The United States and the European Union proposed Friday that all nations scrap trade barriers for key green technologies, citing high growth prospects for an industry central to the fight against global warming.
The plan envisions a new World Trade Organisation accord to eliminate tariffs world-wide on a priority list of climate-friendly technology. Rich and emerging nations would go further and pledge to end trade barriers for a wider range of environmental technologies and services.
Lowering duties and other barriers to clean-tech products and services, such as consulting, design and construction of energy-efficient buildings, would lower costs and help spread green technology, US Trade Representative Susan Schwab said in a statement.
She called it "an unprecedented opportunity" for WTO member countries to tackle the challenge of climate change. World trade in the environmental goods covered by the proposal has grown by an average 15 per cent this century to some 613 billion dollars in 2006, the US said.

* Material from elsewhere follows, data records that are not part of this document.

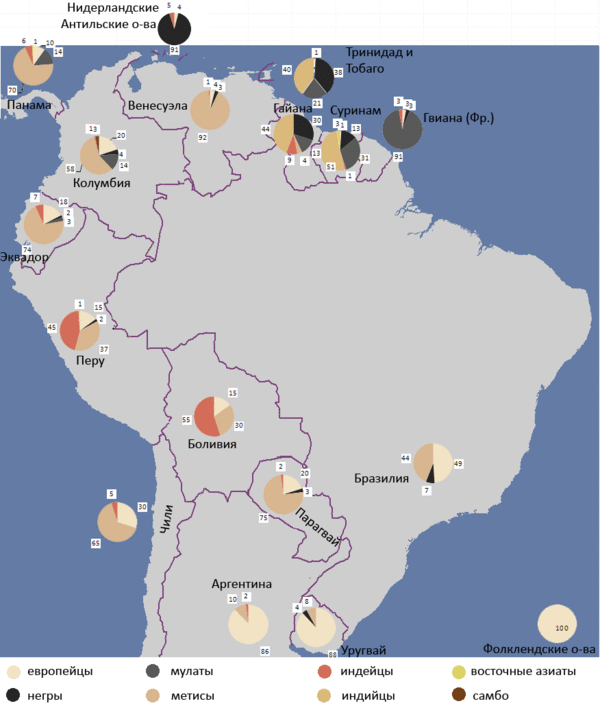 На этническом уровне население Южной Америки можно разделить на три типа: индейцы, белые и негры. В таких странах, как Колумбия, Эквадор, Парагвай и Венесуэла в демографическом плане преобладают метисы (потомки браков испанцев и туземного населения). Лишь в двух странах (Перу и Боливии) индейцы образуют большинство. В Бразилии, Колумбии и Венесуэле проживает значительное число населения африканского происхождения.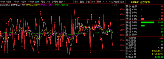 今天两市上涨家数900多家,下跌3700多家,涨停81家,跌停有十余家,今天成交量9963亿,又跌回至万亿以下。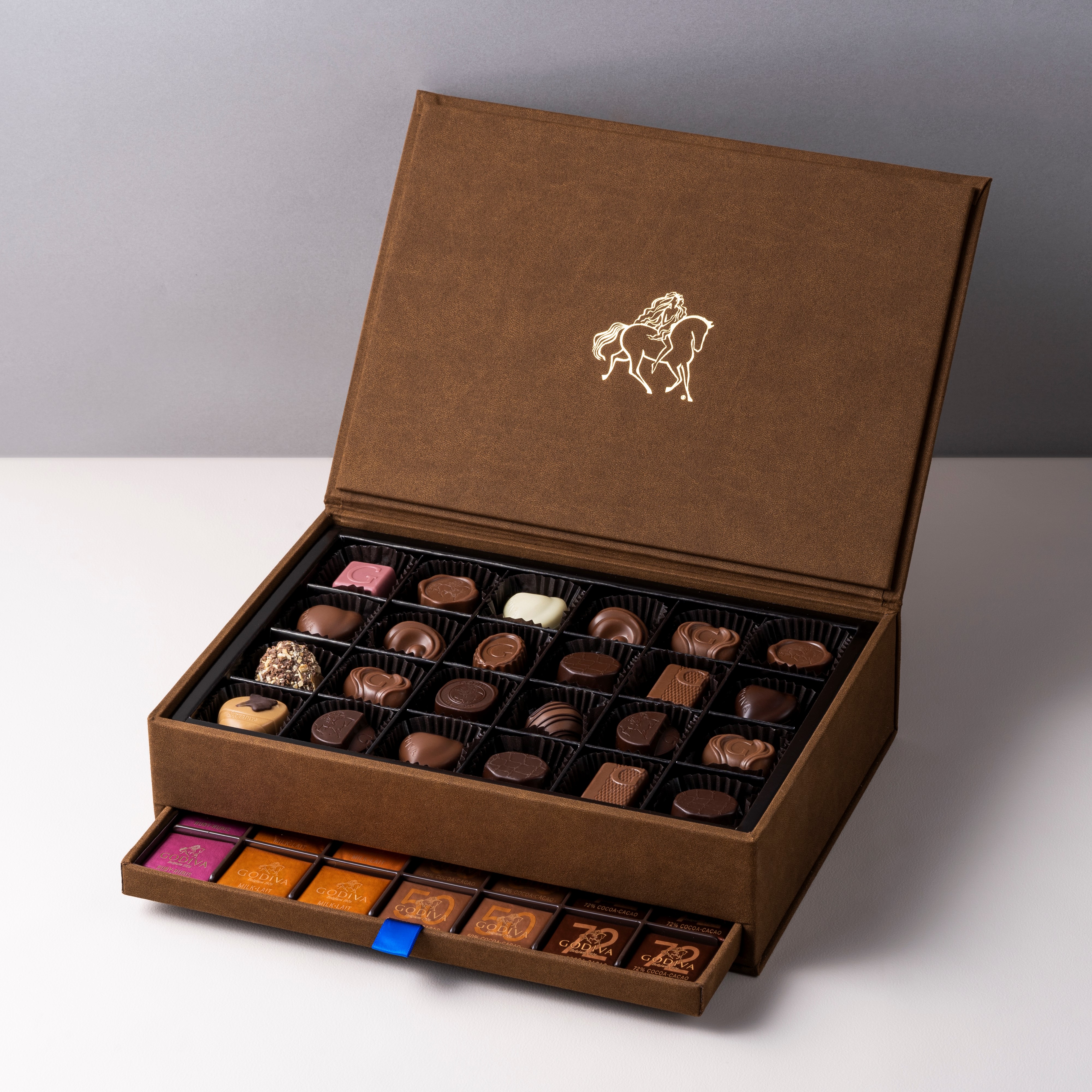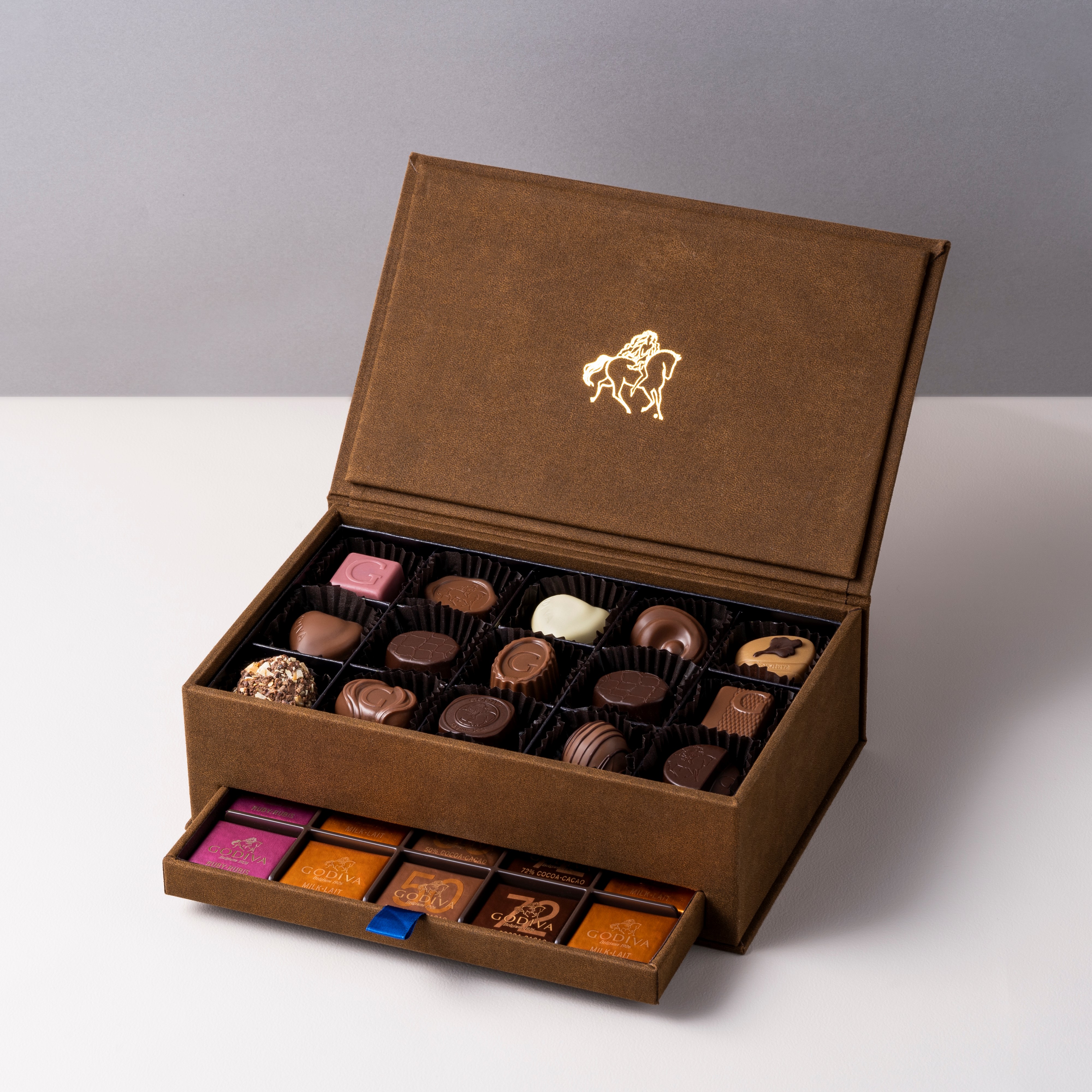この中世の香り漂う広場の名前を冠したゴディバのグランプラスは、ゴディバを代表するチョコレートと個性豊かな味わいのトリュフ、シンプルなカレを端整なパッケージに詰め合わせたプレミアムな逸品。

A World Bank study recently suggested that dismantling barriers to key technologies could boost trade by another 7 to 14 per cent a year, the US statement said. The US-EU proposal comes before a UN meeting starting Monday in Indonesia with the goal of launching negotiations on a new international accord to combat global warming. But the US and EU proposed the clean-technology plan as part of the long-stalled Doha Round of world trade talks, clouding its chances of success.